'''
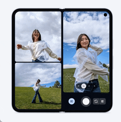 在拍照界面,大屏展开后,可以支持一边拍照一边预览,这的确是大屏的一项优势。
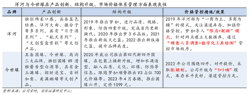 經(jīng)典案例:根據(jù)公司官網(wǎng)、安信證券研究中心等綜合資訊表明,江蘇市場本地酒企優(yōu)勢明顯,在香型口感、渠道基礎(chǔ)方面具備壁壘,消費(fèi)者對地產(chǎn)品牌認(rèn)知度高。2019 年 11 月,搭乘蘇酒消費(fèi)升級之風(fēng), 洋河推出夢 6+,搶占 600 元價(jià)格帶。通過組織改革、渠道梳理、控價(jià)控貨、消費(fèi)者掃碼應(yīng) 紅包活動等在省內(nèi)迅速鋪貨放量。隨后陸續(xù)推出夢 3 水晶版、新版天之藍(lán)、新版海之藍(lán)進(jìn) 行產(chǎn)品結(jié)構(gòu)升級。今世緣則在 2016 年發(fā)力國緣開系,實(shí)現(xiàn)大單品化。
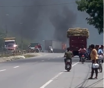 Al parecer el incidente se registró entre un camión, que terminó quemado, y un motor.
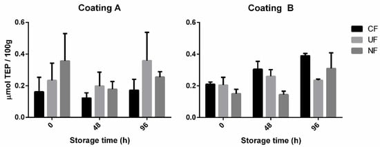 Concentration of thiobarbituric acid reactive substances present in the poultry samples treated with (CF) coated PP film, (UF) uncoated PP film, (NF) no film. Coating A = 5 wt% P. dioica extract and 7.5 wt% PVA. Coating B = 1 wt% P. dioica extract, 1 wt% PVA, and 17 wt% gelatine. Results presented as the average of three samples (n = 3). No statistical differences were detected in the pool of tested samples.
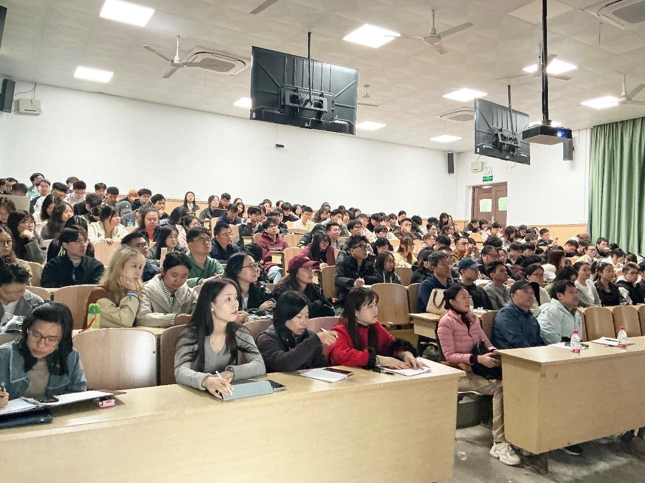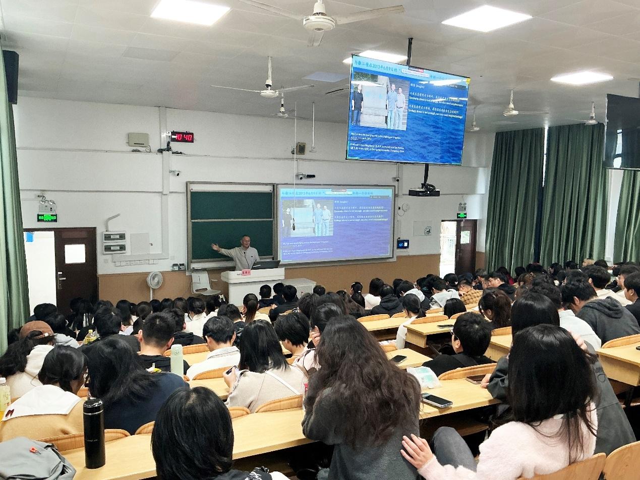 当日上午,象伟宁以“在生态文明时代,向生态实践智者们学习:爱智慧,崇实践,善研究”为题,作专题讲座。学院教师及本科、研究生共200多人参会。作为生态智慧、景观生态学与可持续发展领域的知名学者,象伟宁在报告中系统阐述了生态实践智慧所涵盖但不限于的六大核心能力:社会生态实践洞察力、道德力、知行融合力、应变力、反思力与研究力;提出并解析了四种典型的研究与实践范式:玻尔-福勒范式、巴斯德-麦克哈格范式、约翰逊范式、爱迪生-李冰范式,为在座师生提供了多元的思维框架与方法论启示。讲座上,他结合四位中外生态实践智者的生动案例,深刻阐释了这些生态智慧对于当代人在生活与工作中的重要价值。整场讲座视野宏阔、思想深刻,激发在座师生对生态智慧与实践路径的深入思考。
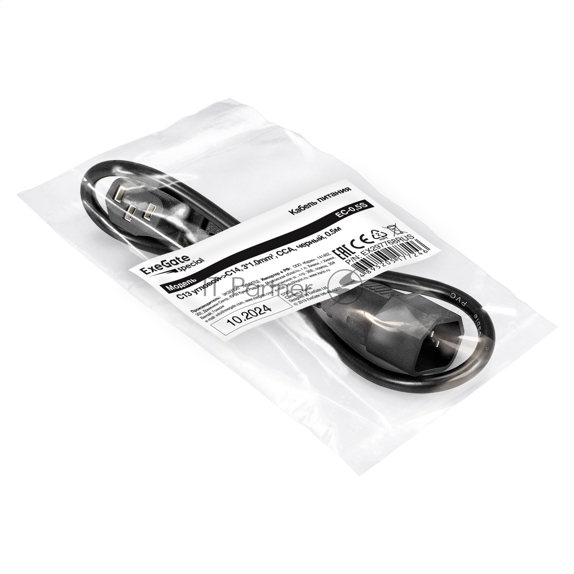 Кабель питания ExeGate Special EC-0,5S (C13 угловой-)C14, 3*1.0mm2, CCA, черный, 0.5м)
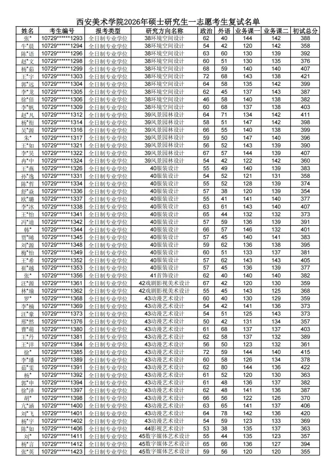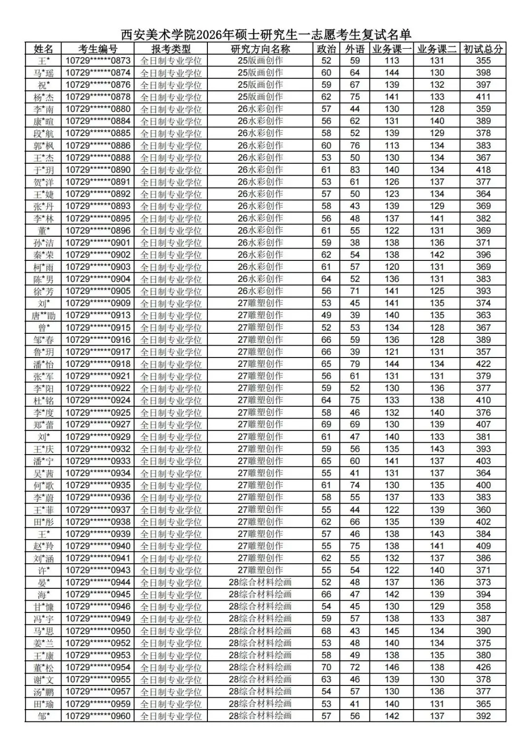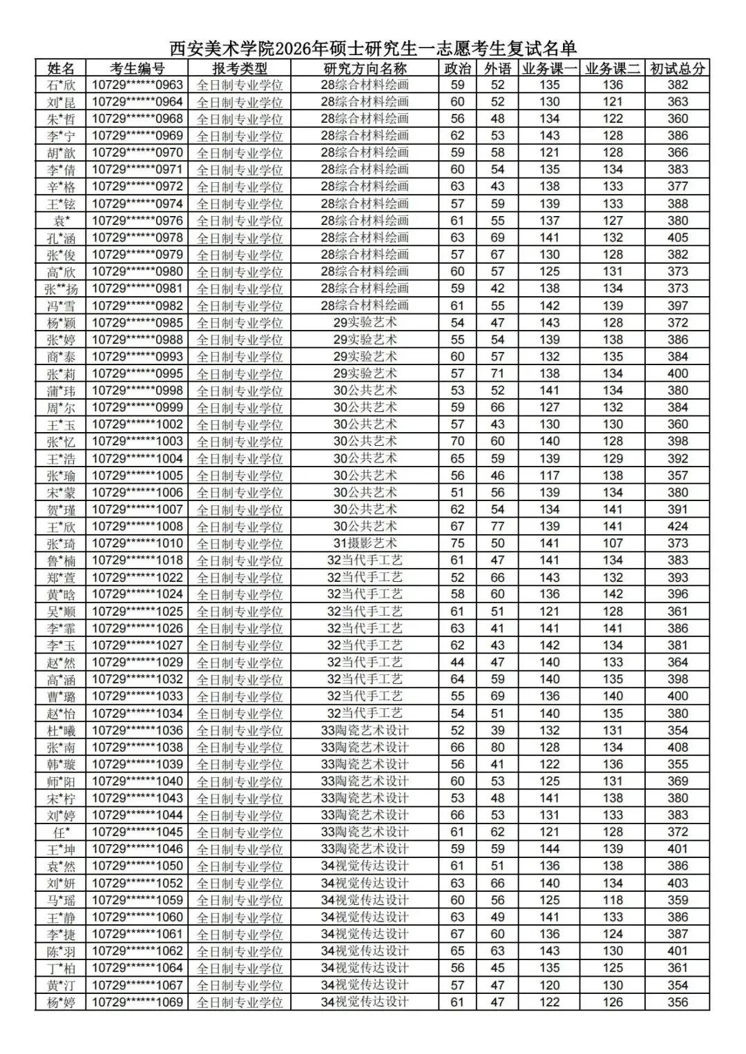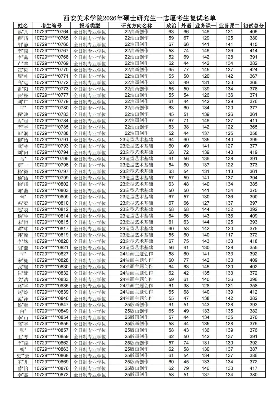 1.对符合拟录取条件的考生,依据《西安美术学院2026年硕士研究生招生计划拟分表》(后期根据工作进展适时发布),分研究方向按总成绩由高到低择优录取,如出现同分,按复试成绩、业务课二成绩、业务课一成绩依次排序。未完成的计划由学校统一调整。
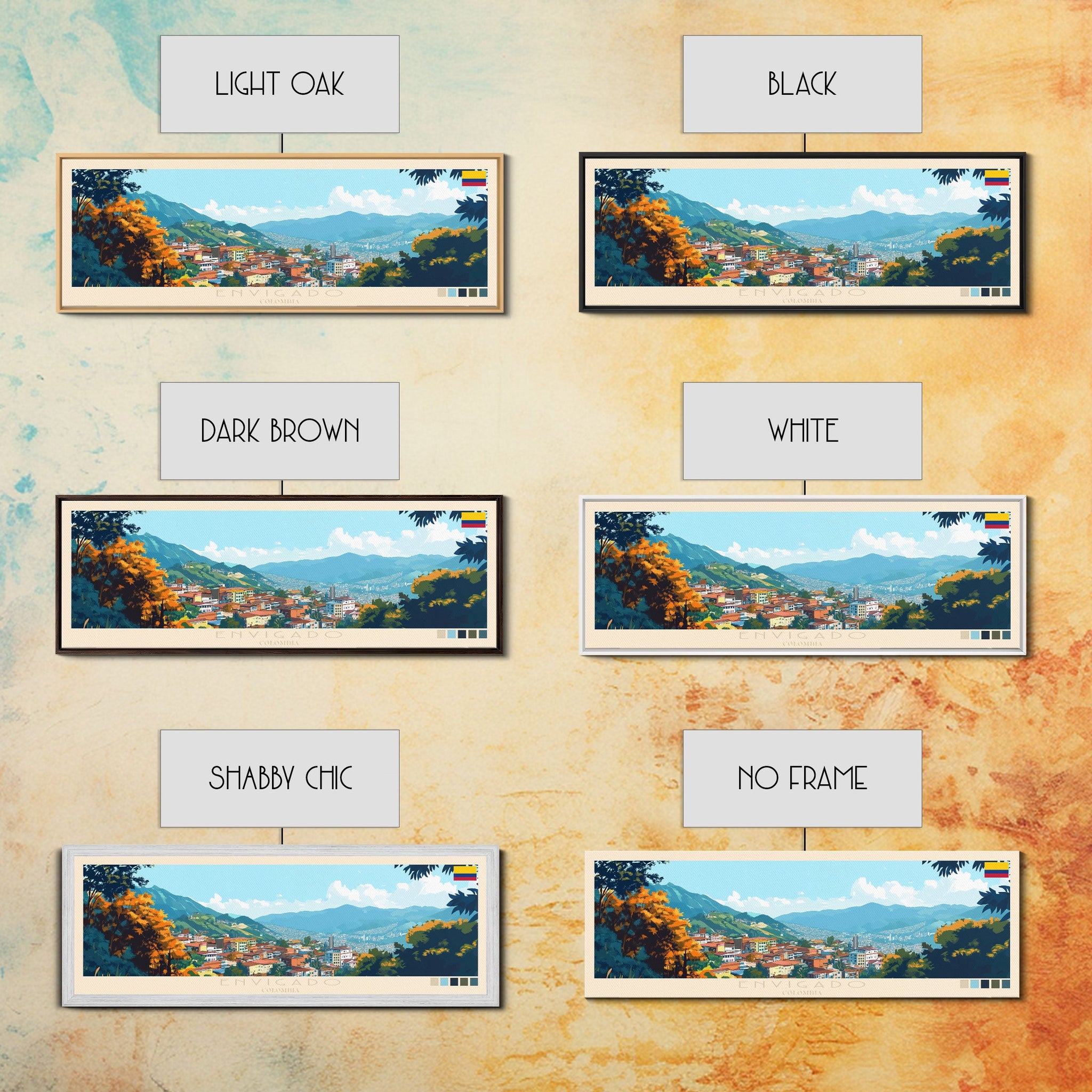 Envigado, Colombia Panoramic Travel Poster Canvas Print, Envigado, Colombia Painting, Colombia Art, Envigado Panoramic Travel Art, Travel Painting
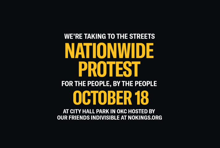 On 10/18 we will join the OKC metro community to raise our voices with millions of Americans across the country to say: we refuse to be intimidated by attacks on our rights and communities. Join us at City Hall Park from 10- 12:30. https://www.nokings.org #NoKingsOKC
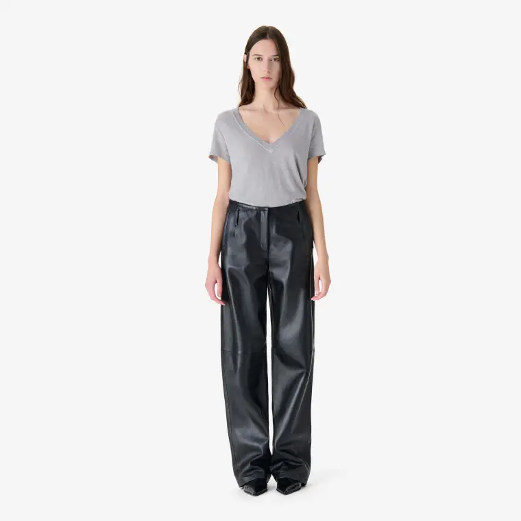 These wide leg leather pants deliver a bold yet relaxed silhouette designed for modern styling. Made from soft lambskin leather, they feature a wide, baggy fit that drapes naturally while allowing freedom of movement. The high-rise waist adds balance and structure to the overall shape.
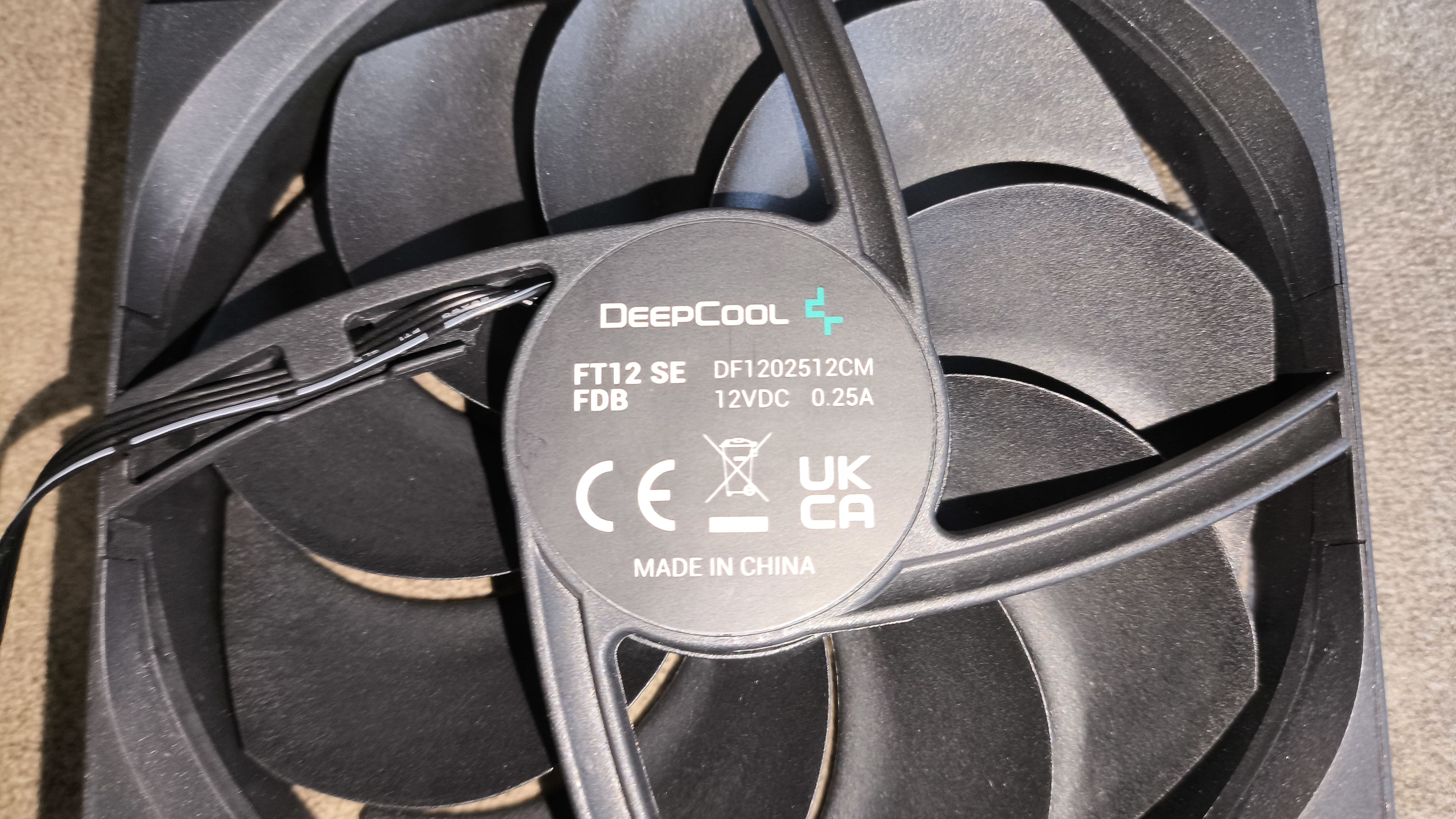 Wentylator, który chłodzi radiator, to model DF1202512CM, znany również jako FK120. Ma on dziewięć łopatek oraz czarną ramę z gumowymi podkładkami na narożnikach, idealnie wpisującą się w stylistykę Zero Dark. Wentylator zasilany jest przez 4-pinowe złącze PWM, podobnie jak adapter, i nie posiada żadnego podświetlenia. Wyposażono go w gumowe narożniki, które redukują drgania i hałas, a dodatkowo uwagę zwracają drobne detale designerskie zastosowane w konstrukcji.
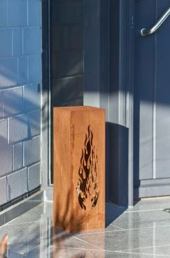 – Jede Deko Säule erhält durch die Veredelung ihre einzigartige Optik und Farbunterschiede im Material. Dieser Rostprozess wird insbesondere bei Außenaufstellung weitergeführt werden
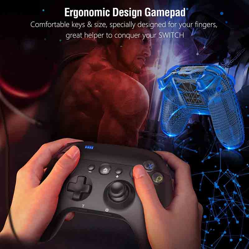 ✅【نبرد طولانی و بهروز】 این دسته بیسیم است و به راحتی با کنسول سوییچ جفت میشود. شارژ کامل این دسته حرفهای تنها ۲ ساعت طول میکشد و ۸ ساعت بازی مداوم را پشتیبانی میکند.
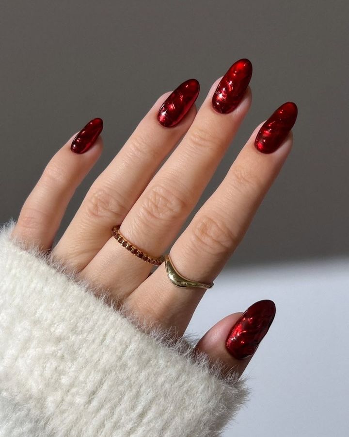 パーティにもおすすめの赤ネイルも、透明感のあるものを選ぶだけで、ぐっと洗練された印象に。
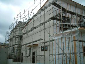 外部はサイディング貼り中です。
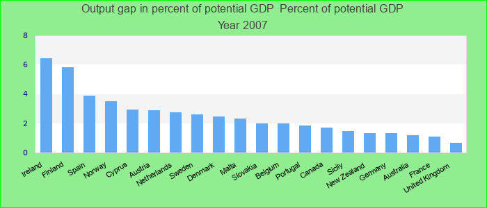 Output gap in percent of potential GDP 2007
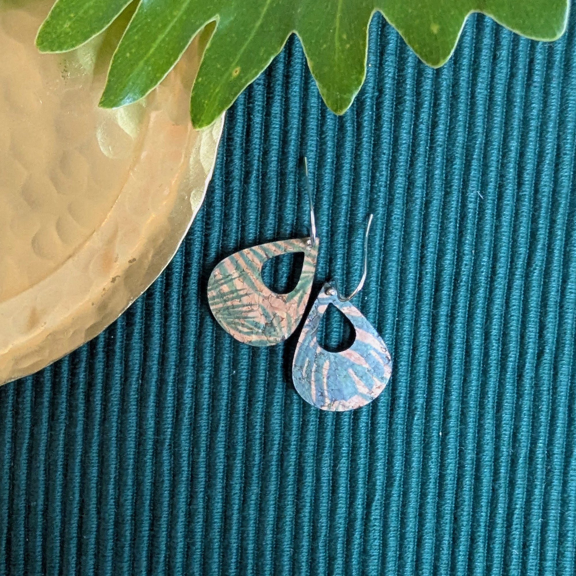 Blue Fall Leaves Cork Earrings - Small Teardrop
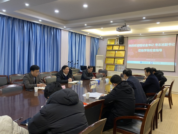 (通讯员蔡明广)12月2日上午,学校党委书记程幼金、副书记李志旭、宣传部副部长赵小硕赴马克思主义学院进行专题调研指导,对学院关于党的二十大精神学习宣讲及融入思政课教育教学工作进展情况进行检查指导。学院党委书记舒先林、院长曹胜亮、副书记陈俊、副院长常城以及教师代表参加会议。
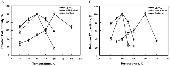 Recently, Patel et al. reported that Pseudomonas aeruginosa AAL protein can utilize phenylalanine as a substrate to yield cinnamic acid [11]. To investigate whether LpAAL/MBP-LpAAL proteins can also use L-phenylalanine or can further use L-tyrosine as a substrate, the optimum temperature of PAL and TAL activities were determined to between 30~50 °C. The optimal PAL and TAL activities of LpAAL protein were both at 40 °C (Figure 6A), similar to the optimal temperature of MBP-LpAAL (Figure 6B). However, the optimal temperatures of BoPAL4 protein for PAL (50 °C) and TAL activities (60 °C) were significantly higher than that of LpAAL and MBP-LpAAL proteins (Figure 6A,B).
'''
Task to complete
The copy you return must match the records above exactly, minus any images.

Result of this task
 在拍照界面,大屏展开后,可以支持一边拍照一边预览,这的确是大屏的一项优势。
 經(jīng)典案例:根據(jù)公司官網(wǎng)、安信證券研究中心等綜合資訊表明,江蘇市場本地酒企優(yōu)勢明顯,在香型口感、渠道基礎(chǔ)方面具備壁壘,消費(fèi)者對地產(chǎn)品牌認(rèn)知度高。2019 年 11 月,搭乘蘇酒消費(fèi)升級之風(fēng), 洋河推出夢 6+,搶占 600 元價(jià)格帶。通過組織改革、渠道梳理、控價(jià)控貨、消費(fèi)者掃碼應(yīng) 紅包活動等在省內(nèi)迅速鋪貨放量。隨后陸續(xù)推出夢 3 水晶版、新版天之藍(lán)、新版海之藍(lán)進(jìn) 行產(chǎn)品結(jié)構(gòu)升級。今世緣則在 2016 年發(fā)力國緣開系,實(shí)現(xiàn)大單品化。
 Al parecer el incidente se registró entre un camión, que terminó quemado, y un motor.
 Concentration of thiobarbituric acid reactive substances present in the poultry samples treated with (CF) coated PP film, (UF) uncoated PP film, (NF) no film. Coating A = 5 wt% P. dioica extract and 7.5 wt% PVA. Coating B = 1 wt% P. dioica extract, 1 wt% PVA, and 17 wt% gelatine. Results presented as the average of three samples (n = 3). No statistical differences were detected in the pool of tested samples.
 当日上午,象伟宁以“在生态文明时代,向生态实践智者们学习:爱智慧,崇实践,善研究”为题,作专题讲座。学院教师及本科、研究生共200多人参会。作为生态智慧、景观生态学与可持续发展领域的知名学者,象伟宁在报告中系统阐述了生态实践智慧所涵盖但不限于的六大核心能力:社会生态实践洞察力、道德力、知行融合力、应变力、反思力与研究力;提出并解析了四种典型的研究与实践范式:玻尔-福勒范式、巴斯德-麦克哈格范式、约翰逊范式、爱迪生-李冰范式,为在座师生提供了多元的思维框架与方法论启示。讲座上,他结合四位中外生态实践智者的生动案例,深刻阐释了这些生态智慧对于当代人在生活与工作中的重要价值。整场讲座视野宏阔、思想深刻,激发在座师生对生态智慧与实践路径的深入思考。
 Кабель питания ExeGate Special EC-0,5S (C13 угловой-)C14, 3*1.0mm2, CCA, черный, 0.5м)
 1.对符合拟录取条件的考生,依据《西安美术学院2026年硕士研究生招生计划拟分表》(后期根据工作进展适时发布),分研究方向按总成绩由高到低择优录取,如出现同分,按复试成绩、业务课二成绩、业务课一成绩依次排序。未完成的计划由学校统一调整。
 Envigado, Colombia Panoramic Travel Poster Canvas Print, Envigado, Colombia Painting, Colombia Art, Envigado Panoramic Travel Art, Travel Painting
 On 10/18 we will join the OKC metro community to raise our voices with millions of Americans across the country to say: we refuse to be intimidated by attacks on our rights and communities. Join us at City Hall Park from 10- 12:30. https://www.nokings.org #NoKingsOKC
 These wide leg leather pants deliver a bold yet relaxed silhouette designed for modern styling. Made from soft lambskin leather, they feature a wide, baggy fit that drapes naturally while allowing freedom of movement. The high-rise waist adds balance and structure to the overall shape.
 Wentylator, który chłodzi radiator, to model DF1202512CM, znany również jako FK120. Ma on dziewięć łopatek oraz czarną ramę z gumowymi podkładkami na narożnikach, idealnie wpisującą się w stylistykę Zero Dark. Wentylator zasilany jest przez 4-pinowe złącze PWM, podobnie jak adapter, i nie posiada żadnego podświetlenia. Wyposażono go w gumowe narożniki, które redukują drgania i hałas, a dodatkowo uwagę zwracają drobne detale designerskie zastosowane w konstrukcji.
 – Jede Deko Säule erhält durch die Veredelung ihre einzigartige Optik und Farbunterschiede im Material. Dieser Rostprozess wird insbesondere bei Außenaufstellung weitergeführt werden
 ✅【نبرد طولانی و بهروز】 این دسته بیسیم است و به راحتی با کنسول سوییچ جفت میشود. شارژ کامل این دسته حرفهای تنها ۲ ساعت طول میکشد و ۸ ساعت بازی مداوم را پشتیبانی میکند.
 パーティにもおすすめの赤ネイルも、透明感のあるものを選ぶだけで、ぐっと洗練された印象に。
 外部はサイディング貼り中です。
 Output gap in percent of potential GDP 2007
 Blue Fall Leaves Cork Earrings - Small Teardrop
 (通讯员蔡明广)12月2日上午,学校党委书记程幼金、副书记李志旭、宣传部副部长赵小硕赴马克思主义学院进行专题调研指导,对学院关于党的二十大精神学习宣讲及融入思政课教育教学工作进展情况进行检查指导。学院党委书记舒先林、院长曹胜亮、副书记陈俊、副院长常城以及教师代表参加会议。
 Recently, Patel et al. reported that Pseudomonas aeruginosa AAL protein can utilize phenylalanine as a substrate to yield cinnamic acid [11]. To investigate whether LpAAL/MBP-LpAAL proteins can also use L-phenylalanine or can further use L-tyrosine as a substrate, the optimum temperature of PAL and TAL activities were determined to between 30~50 °C. The optimal PAL and TAL activities of LpAAL protein were both at 40 °C (Figure 6A), similar to the optimal temperature of MBP-LpAAL (Figure 6B). However, the optimal temperatures of BoPAL4 protein for PAL (50 °C) and TAL activities (60 °C) were significantly higher than that of LpAAL and MBP-LpAAL proteins (Figure 6A,B).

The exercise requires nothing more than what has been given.